## [EXERCISE DETAILS]
When you return the material, keep every line exactly as it is and omit the pictures.

## [DATASET CONTENT]
>>
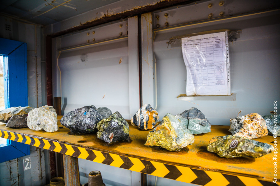 Среди 12 образцов руд золотосодержащие (конглобрекчия, березитированный алевролит), вскрышные (конглобрекчия, берекчированный известняк, алевролит) и комплексные породы (порфирит, силикатный скарн, магнетированный скарн). Тоже прочитал по специальному листику, ибо ничего в этом не понимаю.
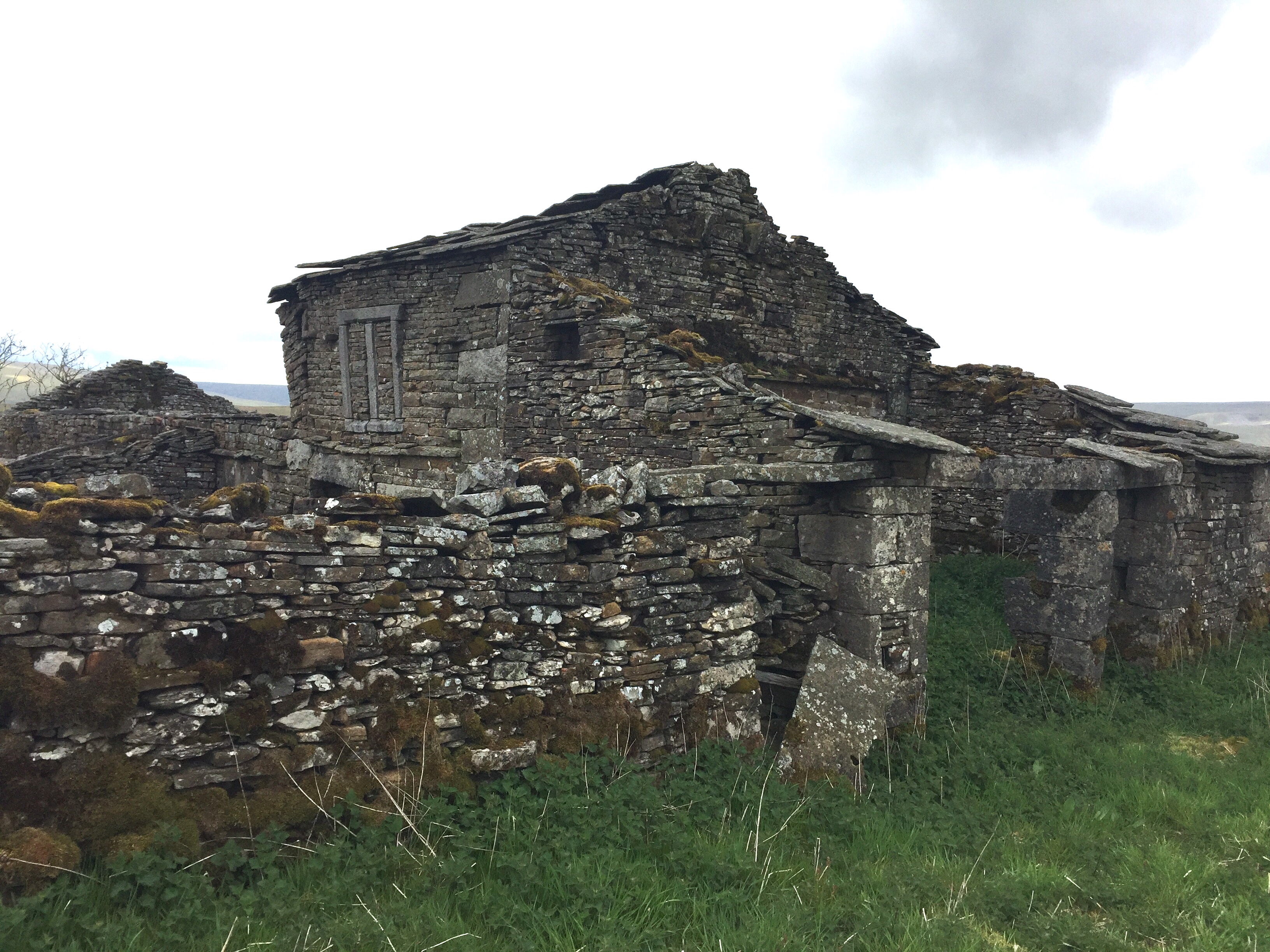 When the old road was in use they must have seemed less remote than they do now, and we lingered a little to admire the stonework: the stone mullioned windows, the lintels, door-frames and other details which suggested what fine farm buildings they must once have been. In essence and in character, they did not feel so very different from the excavated neolithic stone dwellings at Skara Brae in the Orkneys. Homes need doors, windows, shelves… and if the material to hand is stone, they must tend to look and feel the same, though thousands of years of human development separates them.
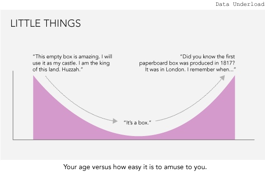 - Nathan Yau of FlowingData has a ‘data underload’ series at the moment. I liked this one on what it takes to amuse us at different ages:
<<
## [YOUR RESPONSE]
 Среди 12 образцов руд золотосодержащие (конглобрекчия, березитированный алевролит), вскрышные (конглобрекчия, берекчированный известняк, алевролит) и комплексные породы (порфирит, силикатный скарн, магнетированный скарн). Тоже прочитал по специальному листику, ибо ничего в этом не понимаю.
 When the old road was in use they must have seemed less remote than they do now, and we lingered a little to admire the stonework: the stone mullioned windows, the lintels, door-frames and other details which suggested what fine farm buildings they must once have been. In essence and in character, they did not feel so very different from the excavated neolithic stone dwellings at Skara Brae in the Orkneys. Homes need doors, windows, shelves… and if the material to hand is stone, they must tend to look and feel the same, though thousands of years of human development separates them.
 - Nathan Yau of FlowingData has a ‘data underload’ series at the moment. I liked this one on what it takes to amuse us at different ages:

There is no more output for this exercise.